Wednesday, June 29, 2011

Northwards to the Sheds




Words: Will H Ogilvie
Tune: Unknown




There's a whisper from the regions out beyond the Barwon banks,
There's a gathering of the legions and a forming of the ranks,
There's a murmur coming nearer with the signs that never fail,
And it's time for every shearer to be out upon the trail;
They must leave their girls behind them and their empty glasses, too,
For there's plenty left to mind them when they cross the dry Barooo:
There'll be kissing, there'll be sorrow much as only sweethearts know,
But before the noon to-morrow they'll be singing as they go;
For the Western creeks are calling,
And the idle days are done,
With the snowy fleeces falling,
And the Queensland sheds begun.

There is shortening of the bridle, there is tightening of the girth,
There is fondling of the idol that they love the best on earth,
Northward from the Lachlan River and the sun-dried Castlereagh,
Outward to the Never-Never ride the "ringers" on their way.
From the green bends of the Murray they have run their horses in,
For there's haste and there is hurry when the Queensland sheds begin;
On the Bogan they are bridling, they are saddling on the Bland,
There is plunging and there's sidling -- for the colts don't understand
That the Western creeks are calling,
And the idle days are done,
With the snowy fleeces falling,
And the Queensland sheds begun.

They will camp below the station, they'll be outting peg and pole,
Rearing tents for occupation till the "calling of the roll,"
And it's time the nags were driven, and it's time to strap the pack,
For there's never license given to the laggards on the track.
Hark!

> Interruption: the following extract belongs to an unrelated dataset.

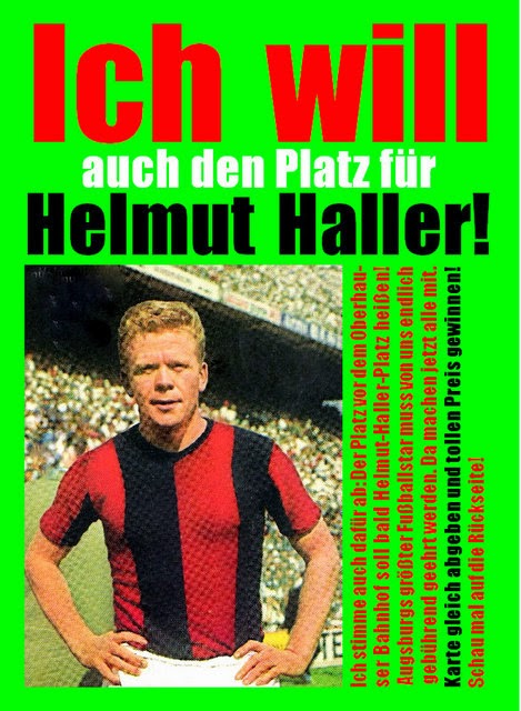 "Die Umbenennung erfolgte nach einer Idee des Augsburger Krimi-Autors Peter Garski. Er hatte mit einigen Mitstreitern eine Kartenaktion gestartet: "Ich wünsch mir den Helmut-Haller-Platz". Der Ball kam ins Rollen. Was folgte war ein Vorschlag der SPD-Fraktion im Stadtrat ..."

The music of the battle: it in time to bare our swords!
Do you hear the rush and rattle as they tramp along the boards?
They are past the pen-doors picking light-wooled weeners one by one;
I can hear the shear-blades clicking, and I know the fight's begun!


First published in The Bulletin, 8 June 1895, and again in the same magazine on 26 August 1959;
and then later in Fair Girls and Gray Horses by Will H. Ogilvie, 1958.

Another gem from Alan Musgrove's Songs They Used To Sing.